Word of the week is “witch-hunt.”

On Tuesday, July 8, 2025, Senator Migz Zubiri likened the impending trial in the Senate of impeached Vice President Sara Duterte to witch-hunt.

“I think that it is a witch-hunt because they want to remove her from public service; para ‘yung iba makaupo [so that others may take her place]. At ‘yung iba ay mawawalan ng kandidato na kalaban pagdating sa halalan ng 2028 (and the others would lose rivals in the elections of 2028), Zubiri opined.

In contemporary English, says Wikipedia, “witch-hunt” metaphorically means an investigation usually conducted with much publicity, supposedly to uncover subversive activity, disloyalty and so on, but with the real purpose of harming opponents. It can also involve elements of moral panic as well as mass hysteria.

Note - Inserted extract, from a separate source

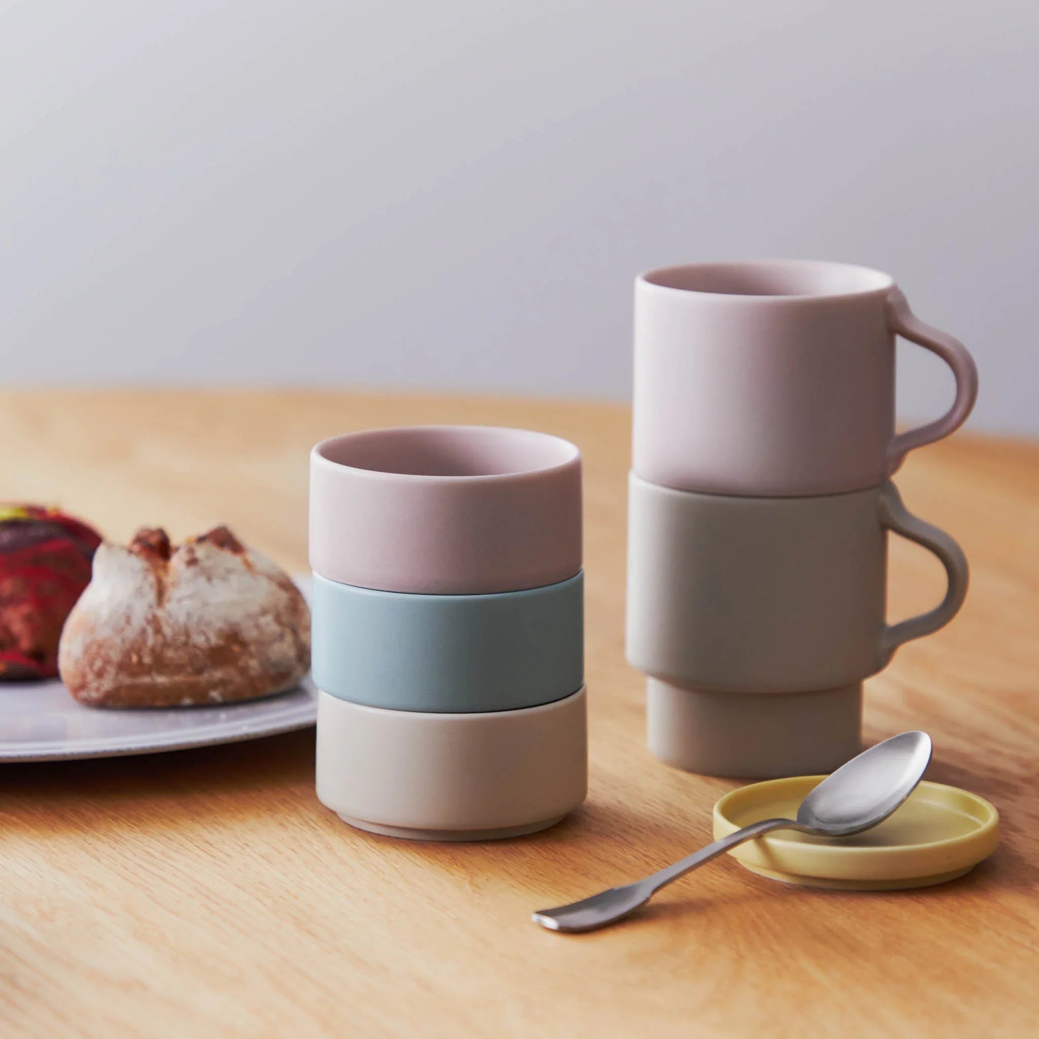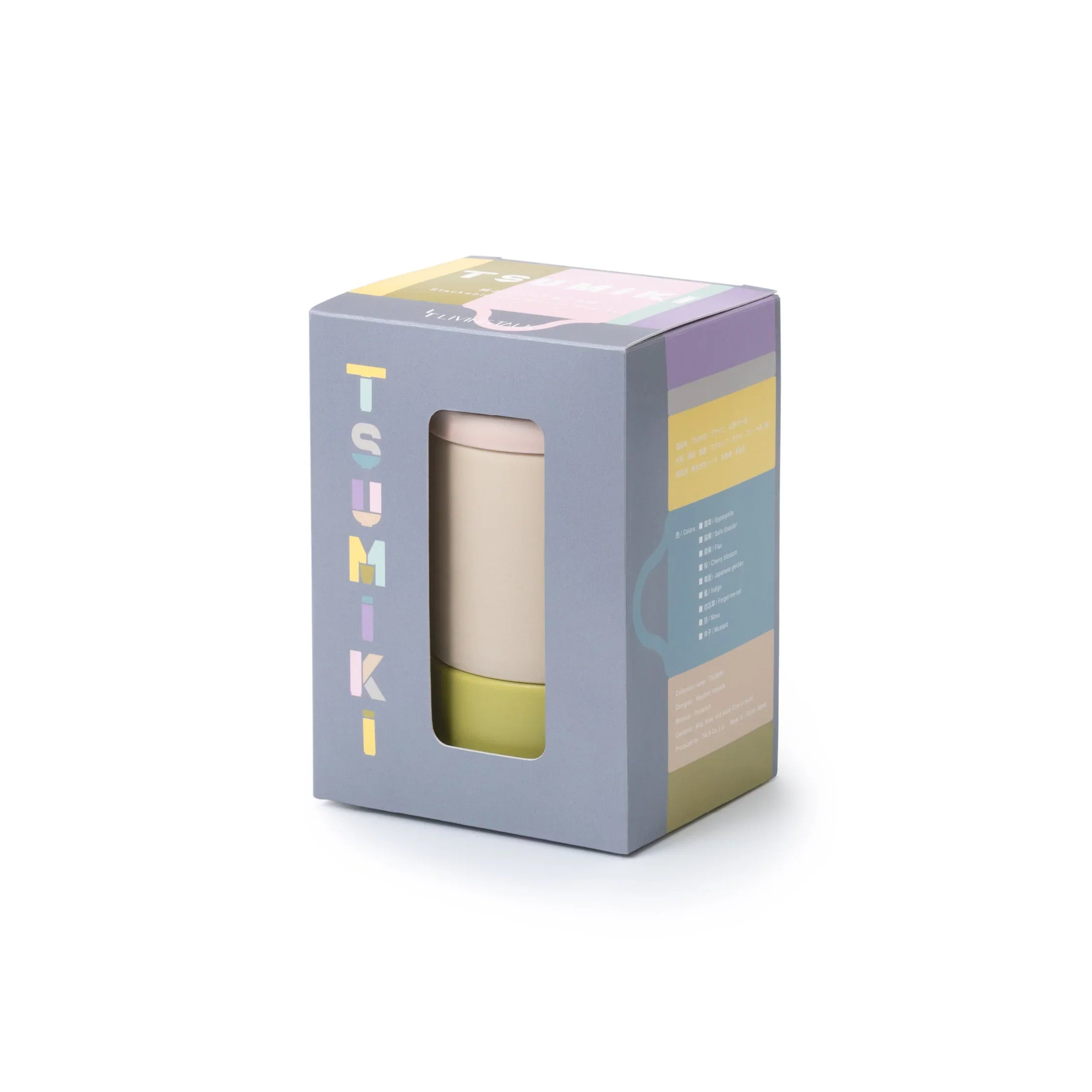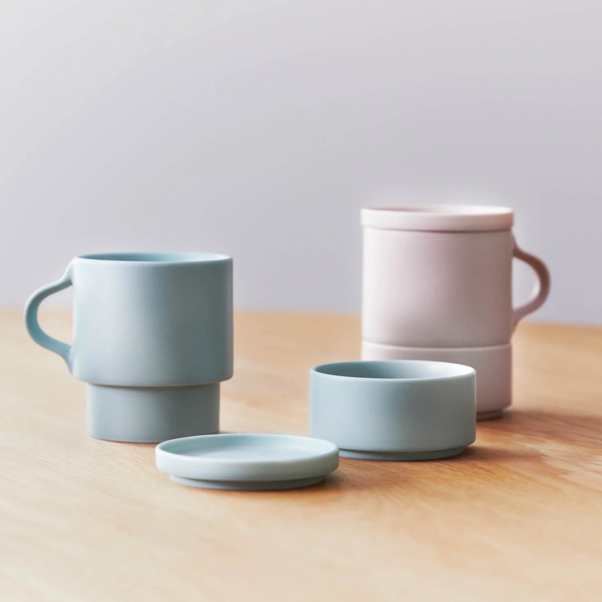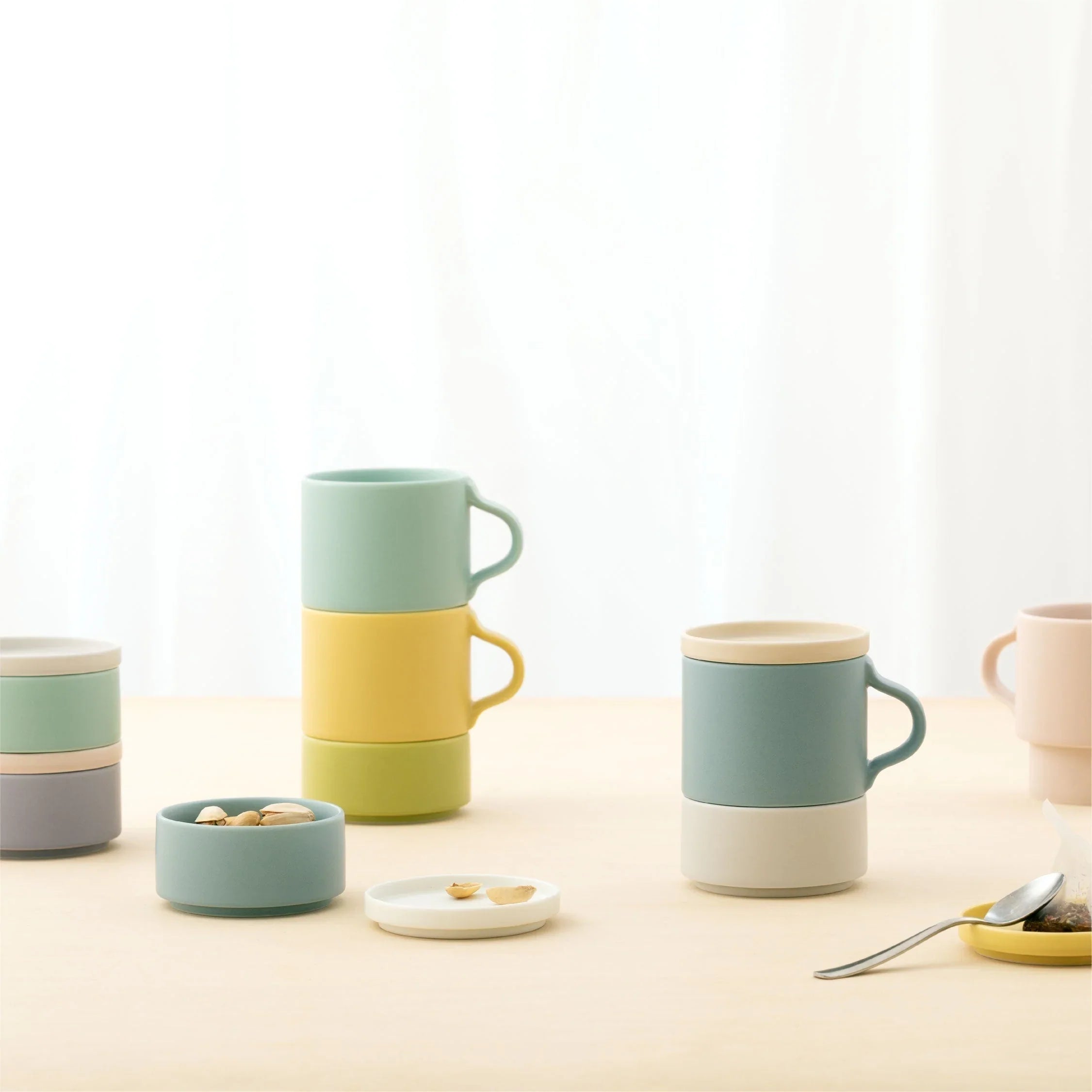積みかさねて美しく置ける器ツミキは積みかさねて美しく置ける器です。同径のマグカップとボウル、プレートはどの順でも積め、マグは取手が繋がるように連続します。プレートをマグにのせると紅茶を淹れる間保温し、ボウルにのせると蓋付き容器に。使ったティーバッグやスプーンはプレートに置けたりと、ツミキはティータイムを快適にします。色は和の草花九種で構成され、積むと和やかな色彩がかさなり合います。マグ・ボウル・プレートセットは専用のパッケージに入ります。贈り物に適した装いです。

In the 9th to 14th centuries, especially in Europe, people hunted for witches or people who practiced witchcraft, had demonic influence on humans and were blamed for all kinds of evil and scourge. After a sham trial, the so-called witches were burned to death.

Zubiri is both right and wrong. Right because an impeachment trial is political in nature. It is an exercise in discovery of damning evidence to give an excuse for the 24 senator-judges to either acquit (if they like Sara) and convict her (if they dislike her). The premise is that the defendant is guilty even before she is declared innocent. The trial thus degenerates into a witch-hunt.

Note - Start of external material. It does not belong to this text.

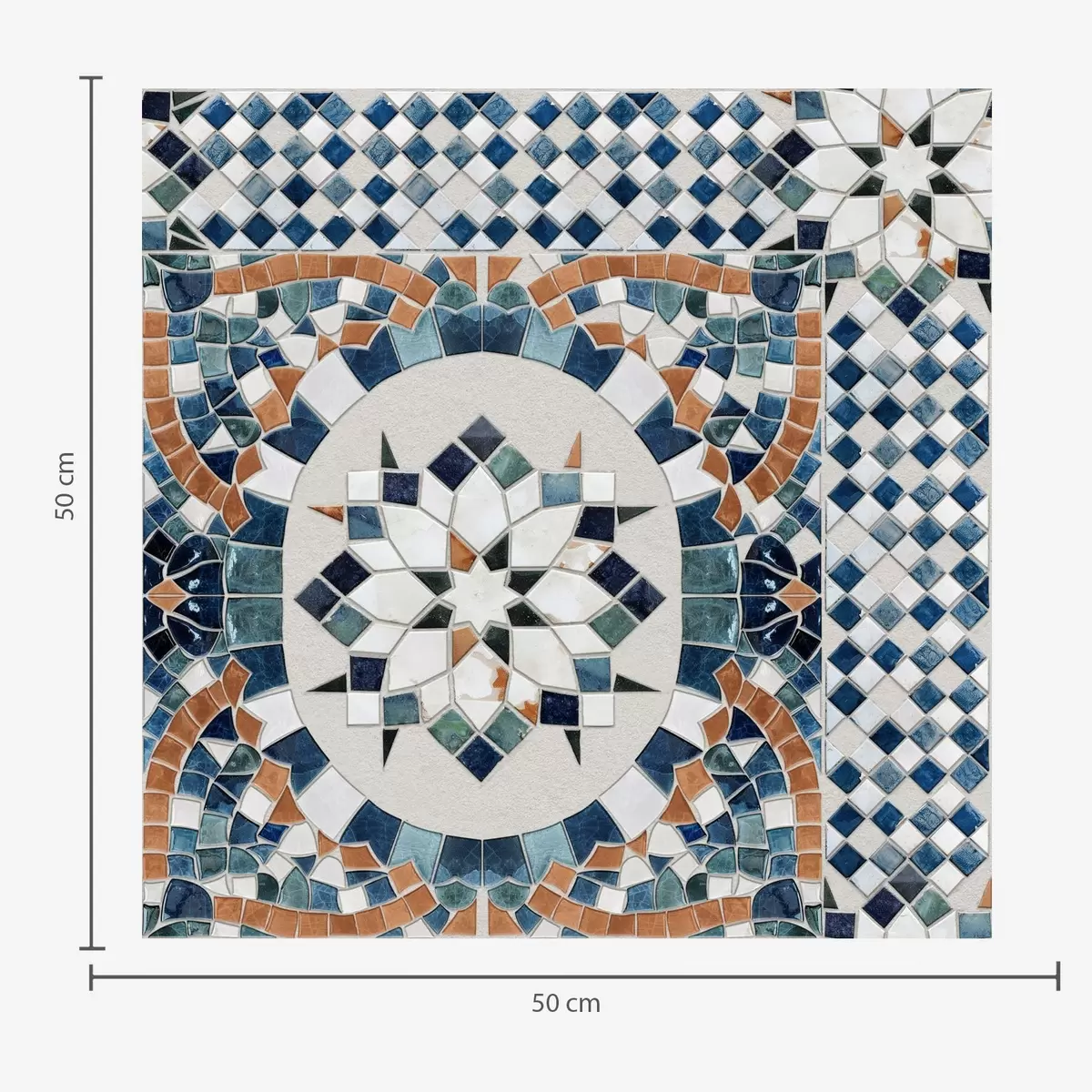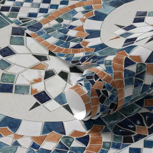 Papel tapiz Mosaico marroquí brillante en tonos azul turquesa. Nr. a01043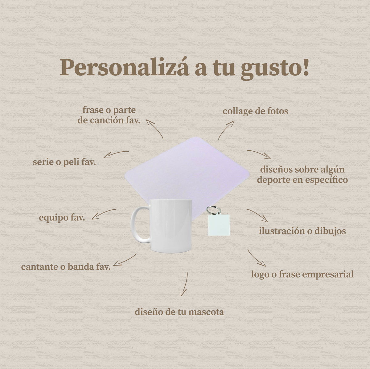 🎁 Combo Personalizado: Taza + Pad Mouse + Llavero

Presumption of guilt was the burden of previous impeachment defendants. The public perceived them to be on the wrong side of history.

In 2001, President Joseph Estrada was convinced he did nothing wrong despite being accused of receiving gambling bribes. No evidence existed to prove his guilt. The supposedly damning evidence, a second envelope, was a non-starter and that being the case, the defense refused to have it opened during Erap’s trial. The prosecution walked out; the trial was thrown into a turmoil. The Supreme Court declared the presidency vacant and Chief Justice Hilario Davide, the impeachment court presiding officer, swore into office Vice President Gloria Macapagal Arroyo as acting president.

In 2011, Chief Justice Renato Corona was convinced he did nothing wrong despite being accused of ill-gotten wealth of which there was no proof. President Benigno Simeon Cojuangco Aquino III simply wanted him ousted for having engineered a November 2011 15-0 Supreme Court decision that the Cojuangco clan’s 6,400-hectare Hacienda Luisita belonged to its 6,000 farmers and therefore must be returned to them, plus the earnings while it was under Cojuangco “ownership” since 1957. During the trial, however, documents surfaced suddenly showing Corona had dollar deposits which deposits he did not declare in his annual Statement of Assets and Liabilities and Net worth (SALN). It was a clear witch-hunt and the Senate Impeachment Court declared Corona guilty and ousted the SC chief. Reports later surfaced the senator-judges were “paid” P50 million each in pork money, with P100 million going for the most senior senator.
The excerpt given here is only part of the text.